The problem >> For the entries that follow, retype exactly the lines from the one containing "Комплект настенного крепления" to the one containing "根據(jù)進(jìn)度安", inclusive, and only those. Images stay out of the copy.

Input data >>
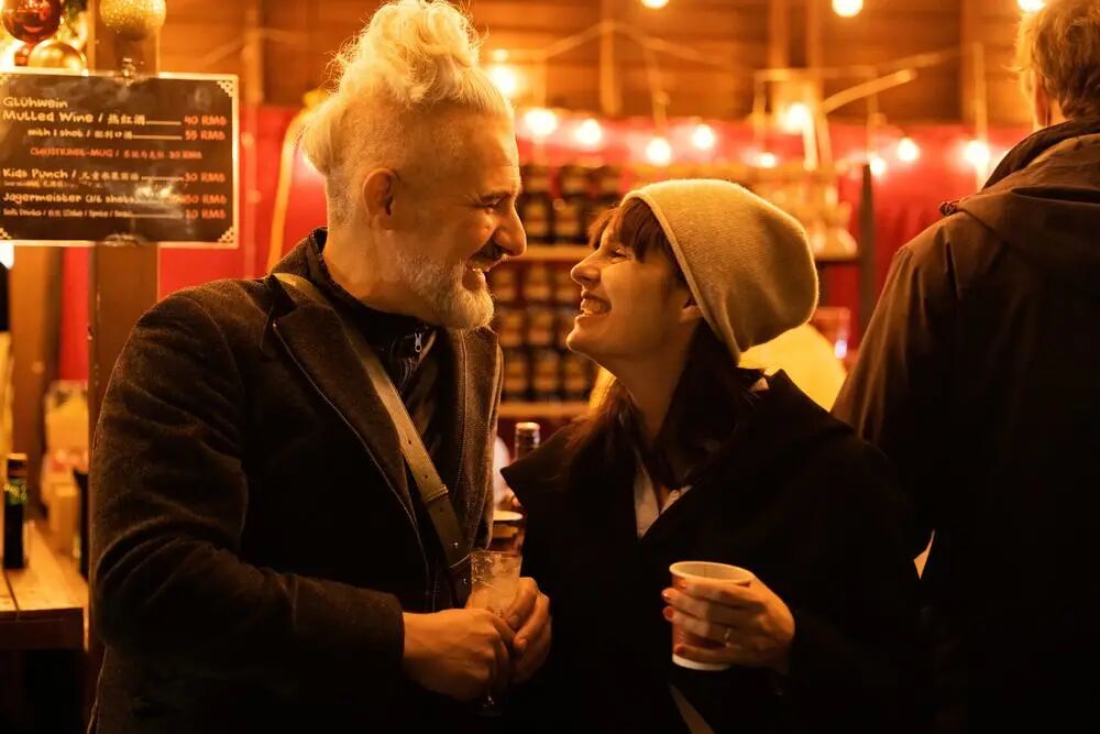 圣诞市集里刚接吻完的情侣,接吻ing的也拍了(第2张),还是更喜欢这张的表情,70200镜头的70端拍的,取景有点大了,拍的时候很想盲退一两步,但是人太多怕踩到别人
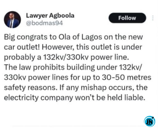 Social media platforms have been thrown into a frenzy after an old tweet from a Nigerian lawyer resurfaced online, revealing that he had long ago warned popular car dealer, Ola of Lagos, about the potential dangers and legal implications of building his luxury car outlet beneath a high-tension power line. The revelation has sparked widespread discussion and debate among Nigerians online.
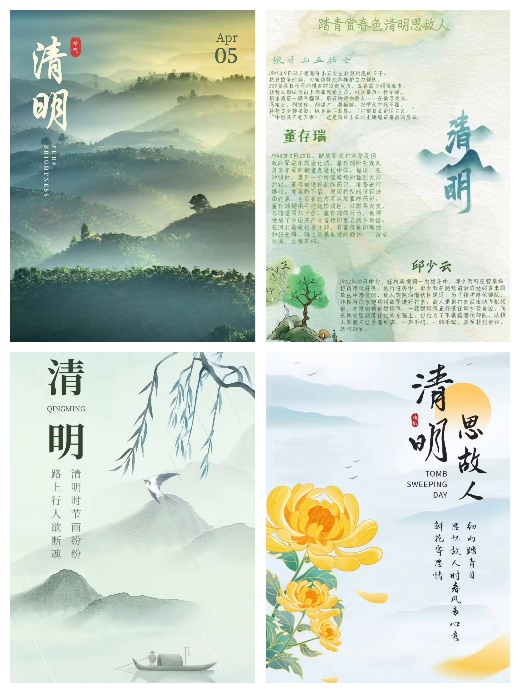 清明创作多元开展,展现文化丰富内涵。学院举办“踏青赏春色,清明思故人”活动,鼓励同学们以清明为主题,用文字、绘画、摄影等多种方式进行参与,激发同学们的创新思维和艺术创作能力,用多元艺术形式展现了清明的丰富意义和内涵。
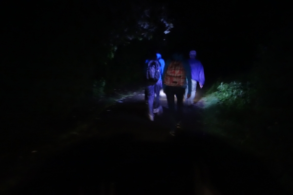 De ijle lucht denk ik nog, maar 300 m als het zweet me over de rug loopt en mijn eigen gehijg als een oude uitlaat in de stilte weergalmt begin ik toch te vermoeden dat het pad stijler is dan we denken. We zien niet veel meer dan de een of twee meter voor onze voeten, die door onze zaklampen worden verlicht. Ben benieuwd wat we straks te zien krijgen als het licht is. ‘Slowly’ maant Rochet ons. Bijna dubbel gevouwen lopen we voetje voor voetje omhoog. One kilo, zegt Rochet.. Hij bedoeld nog 1 km, maar na een tijdje merken we dat hoe ver we ook lopen, het nog steeds 1 km is en daarna weer 1 km.
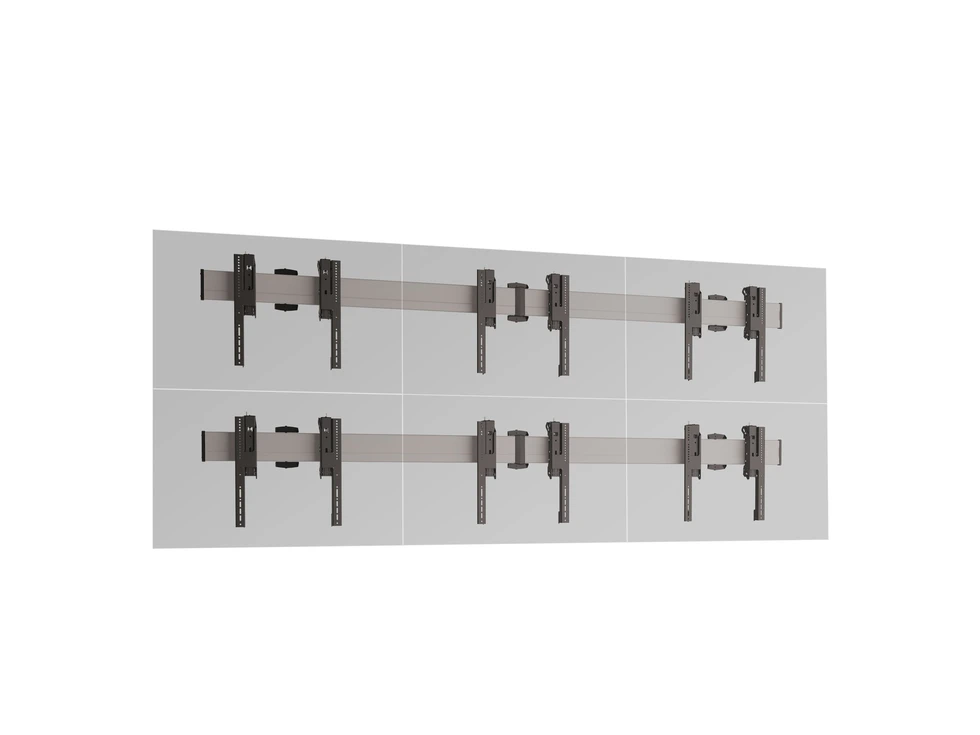 Комплект настенного крепления для видеостены 2х3 Vogels W2384S. арт 8818 из дисплеев с диагональю экрана 50-65''. Альбомная ориентация. Стандарт VESA от 200x200 до 800x400 мм. Возможна регулировка каждого дисплея в трех плоскостях и перевод в сервисное положение. Допустимая нагрузка - 640 кг. Мах масса одного дисплея - 80 кг. Цвет серебристый.
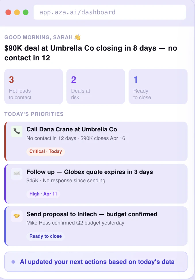 AZA reads your emails and meetings, scores your deals, and tells your team exactly what to do nex...
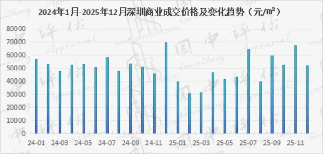 成交价格:2025年1-12月,深圳商业成交均价为43278元/㎡,同比下跌23.6%。
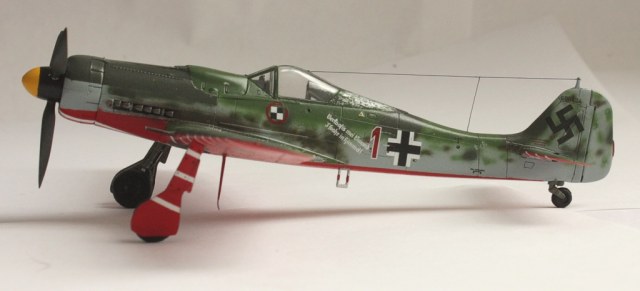 FW-190D-9 из Jagdverband 44, сформированной в феврале 1945 года для прикрытия взлетающих и садящихся Ме-262, сильно уязвимых на этих режимах. Союзники к этому времени устроили настоящий террор над аэродромами Luftwaffe, а 262-ые на взлёте были неуклюжи (так сбили, якобы, самого Вальтера Новотны). Что бы свои зенитчики в суматохе не завалили мечующиеся над аэродромом 190-е, их снизу и разукрасили в красный цвет с белыми полосам, за что JV44 получила название «попугайская эскадрилья».
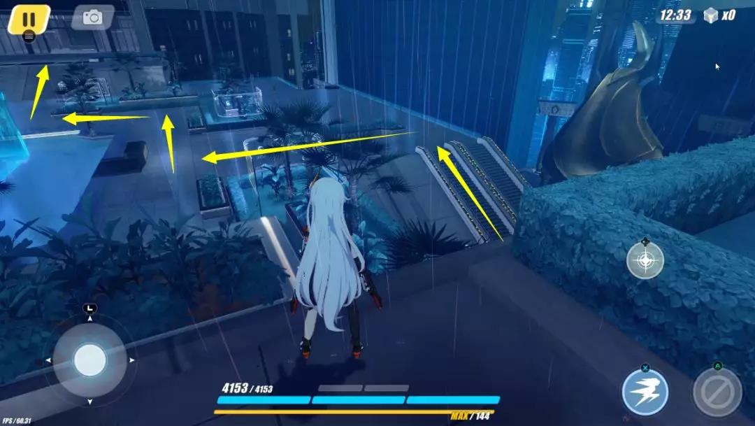 细心的小伙伴可能已经发现了,这个位置就是开头整体路线截图的地方。整个场景分为五块,出发点、广场、对面的大楼(任务点)、画面左边还有一块区域、以及截图地点的高台。
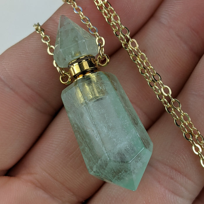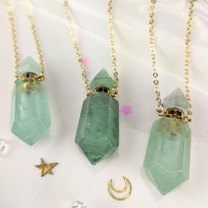 Our Fluorite Perfume Bottles are sold as randomly selected single pieces. They are approximately 1 1/2'' long and 1/2'' at the widest. They are fully polished, deeply drilled, and comes on a 24'' plated chain.
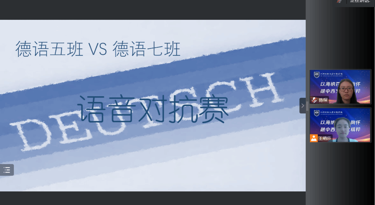 根據(jù)進(jìn)度安排,教學(xué)第一周、第二周為語音學(xué)習(xí)階段,為測試本階段學(xué)習(xí)效果,使同學(xué)們相互了解、共同進(jìn)步,陳琛老師、王萌莎老師帶領(lǐng)德語五班,德語七班于2022年10月21日開展了一場別開生面的語音對抗賽,五班、七班共50名同學(xué)參與其中,兩位老師線上指導(dǎo)。
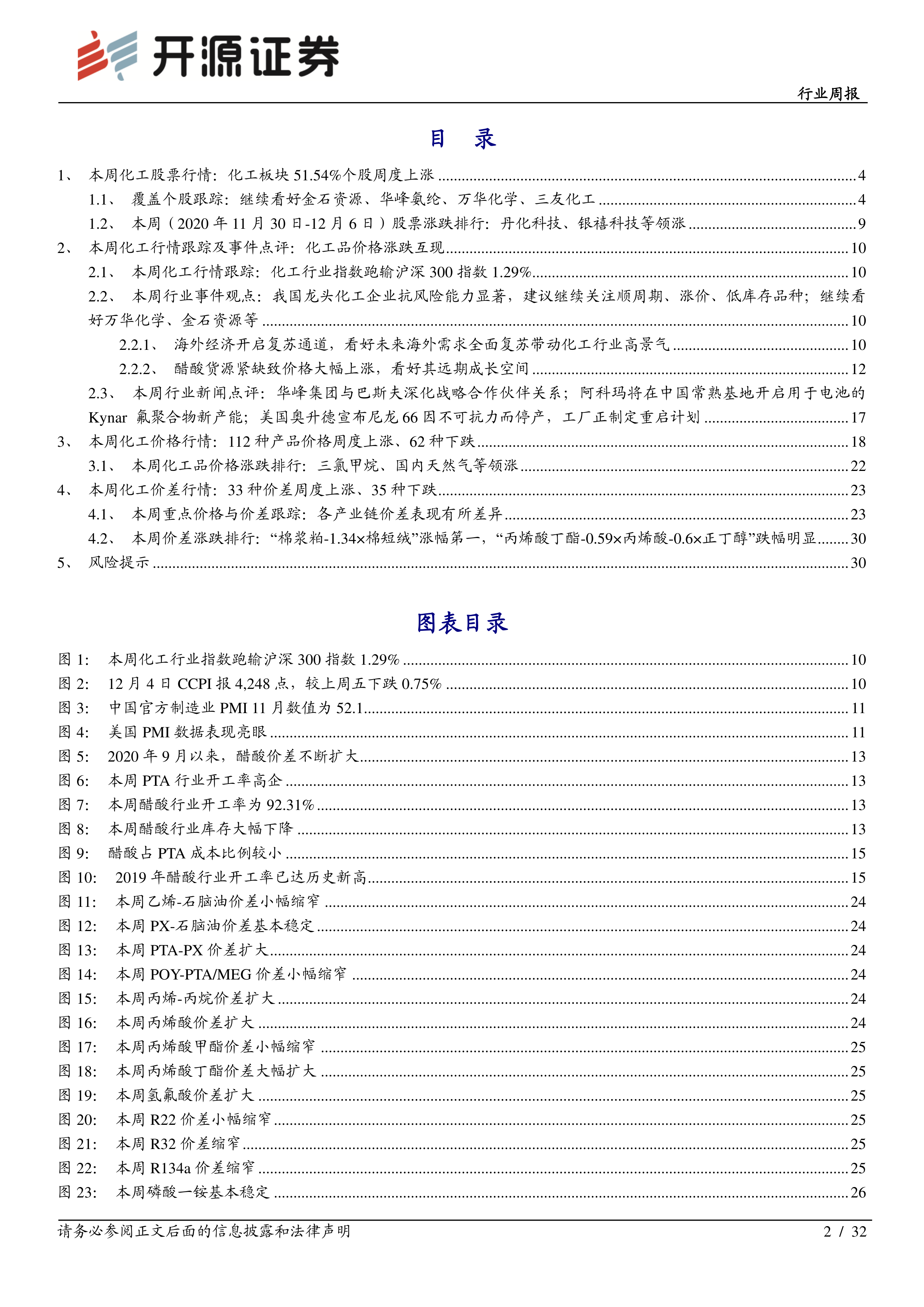 本周行业观点:醋酸货源紧缺致价格大幅上涨,看好醋酸2021年高景气全球经济开始不断复苏,中国财新PMI创十年新高,印证“海外订单内流”逻辑。根据国家统计局数据,中国官方制造业PMI11月数值为52.1。根据财新网数据,中国11月财新制造业PMI数值为54.9,就业指数录得2011年6月以来最高,需求改善带动企业采购活动的扩张率也创下2011年1月后最高纪录。此外,海外经济亦开始复苏。据IHSMarkit数据,美国11月制造业PMI数值上升至58.6,为历史高点。欧洲方面,据IHSMarkit数据,德国11月制造业PMI数值为57.8,英国11月制造业PMI数值为55.6,创35个月以来的新高。自5月以来,中国经济不断复苏,经济运行此前已进入常态化阶段。随着海外经济不断复苏,此次国内官方PMI数据创下2020年内高点,财新PMI方面,需求改善带动企业采购活动的扩张率也创下2011年1月后最高纪录,我们认为这是“海外订单”加速内流逻辑的印证,中国正在加速承接全球制造业订单,化工行业作为最重要的基础制造业之一,也将继续迎来新一轮景气行情。随着海外需求逐渐复苏,我们建议继续关注顺周期、涨价、低库存品种:钛白粉、PVC、粘胶、氨纶、涤纶长丝等,布局顺周期化工子行业龙头。受益标的:【化工龙头白马】万华化学、华鲁恒升、恒力石化、扬农化工、华峰氨纶、新和成、荣盛石化;【绝对低估值龙头】金石资源、三友化工、海利得、巨化股份、三美股份、利民股份、滨化股份;【弹性标的】江苏索普、华谊集团、鲁西化工、新凤鸣。本周(2020年11月30日-12月6日)醋酸价格大幅上涨。根据Wind数据,截至2020年12月4日,醋酸现货价为3,780元/吨,而2020年内低点为2,030元/吨,醋酸较年内低点累计涨幅已达67.49%。供应端,根据Wind数据,本周醋酸行业整体开工率为92.31%。库存方面,根据百川盈孚,截至12月5日,醋酸行业库存为61,500吨,较上周大幅下降9.56%。目前各醋酸厂家库存低位,下游拿货困难,醋酸行业及下游PTA开工率高企,我们预计下周醋酸将进一步上涨。未来醋酸或仍将处于供需紧平衡状态,看好醋酸未来长期价值。根据卓创资讯,2021年醋酸行业有效总产能将达到1,010万吨。若未来醋酸行业开工率能达到90%,对应年产量将为909万吨。2019年醋酸的表观消费量为695.28万吨,未来4,210万吨PTA将催生168.4万吨醋酸需求。仅考虑PTA带来的醋酸需求增量,以2019年醋酸表观消费量作为基数,未来国内醋酸的表观消费量保守估计或将达到863.68万吨。而2017年-2019年,醋酸年平均出口量为60.17万吨,届时醋酸行业或将处于供不应求的格局。我们坚定看好2021年醋酸行业持续景气。受益标的:华鲁恒升、江苏索普、华谊集团。
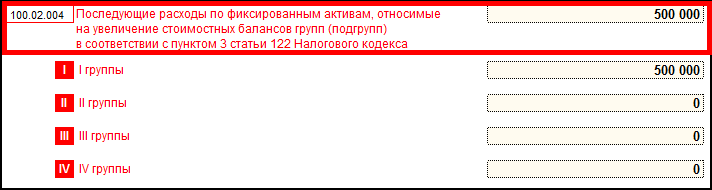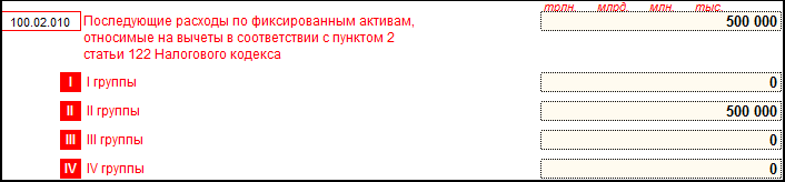 Расходы по капитальному ремонту отражаются в приложении 100.02 «Вычеты по фиксированным активам» и увеличивают стоимостной баланс групп на конец налогового периода.
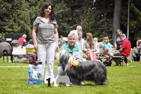 | Und das ist unser Jette-Schneckchen. Würden die Krankenkassen sie kennen, bekäme ich bestimmt bombastische Angebote: Davon abgesehen, dass sie ganz einfach ein superfeines Beardie-Mädchen ist, vertreibt sie selbst finsterste Depressionen! Wenn man nach 15 Minuten mit Jette nicht von selbst lacht, wird man beschmust bis man sich endlich nicht mehr zurückhalten kann! Die Ergebnisse von Oldenburg? Nicht so wichtig - wir haben Schleifen mit Zahlen von 1 bis 4, wobei mich das V1 von Philli besonders gefreut hat. Nein, es war schön zu sehen, wohin es geht mit den eigenen Hunden - und woher es gekommen ist!
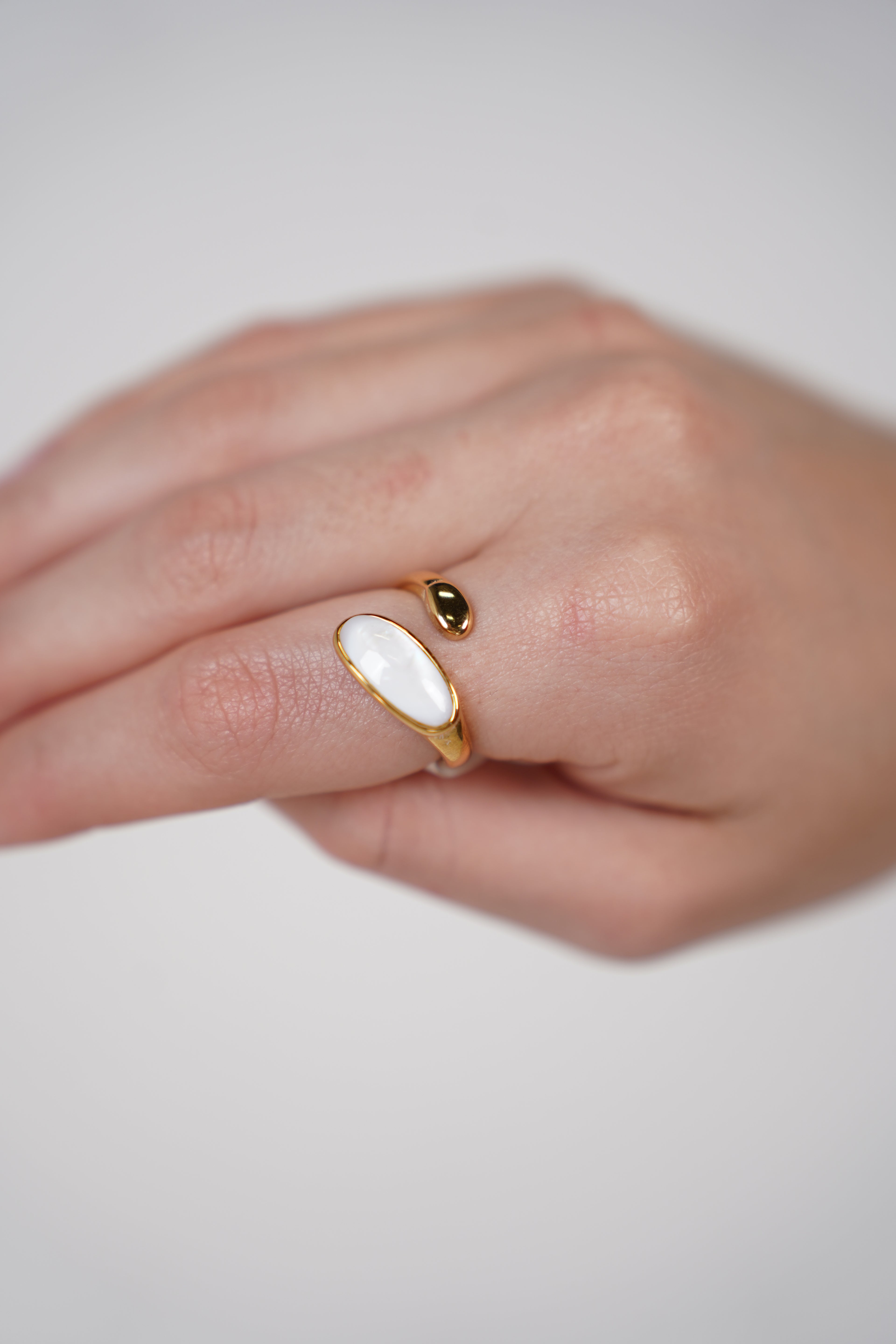 Sorea Ring – Gold Open Ring with White Oval Stone

Exercise output >>
 Комплект настенного крепления для видеостены 2х3 Vogels W2384S. арт 8818 из дисплеев с диагональю экрана 50-65''. Альбомная ориентация. Стандарт VESA от 200x200 до 800x400 мм. Возможна регулировка каждого дисплея в трех плоскостях и перевод в сервисное положение. Допустимая нагрузка - 640 кг. Мах масса одного дисплея - 80 кг. Цвет серебристый.
 AZA reads your emails and meetings, scores your deals, and tells your team exactly what to do nex...
 成交价格:2025年1-12月,深圳商业成交均价为43278元/㎡,同比下跌23.6%。
 FW-190D-9 из Jagdverband 44, сформированной в феврале 1945 года для прикрытия взлетающих и садящихся Ме-262, сильно уязвимых на этих режимах. Союзники к этому времени устроили настоящий террор над аэродромами Luftwaffe, а 262-ые на взлёте были неуклюжи (так сбили, якобы, самого Вальтера Новотны). Что бы свои зенитчики в суматохе не завалили мечующиеся над аэродромом 190-е, их снизу и разукрасили в красный цвет с белыми полосам, за что JV44 получила название «попугайская эскадрилья».
 细心的小伙伴可能已经发现了,这个位置就是开头整体路线截图的地方。整个场景分为五块,出发点、广场、对面的大楼(任务点)、画面左边还有一块区域、以及截图地点的高台。
 Our Fluorite Perfume Bottles are sold as randomly selected single pieces. They are approximately 1 1/2'' long and 1/2'' at the widest. They are fully polished, deeply drilled, and comes on a 24'' plated chain.
 根據(jù)進(jìn)度安排,教學(xué)第一周、第二周為語音學(xué)習(xí)階段,為測試本階段學(xué)習(xí)效果,使同學(xué)們相互了解、共同進(jìn)步,陳琛老師、王萌莎老師帶領(lǐng)德語五班,德語七班于2022年10月21日開展了一場別開生面的語音對抗賽,五班、七班共50名同學(xué)參與其中,兩位老師線上指導(dǎo)。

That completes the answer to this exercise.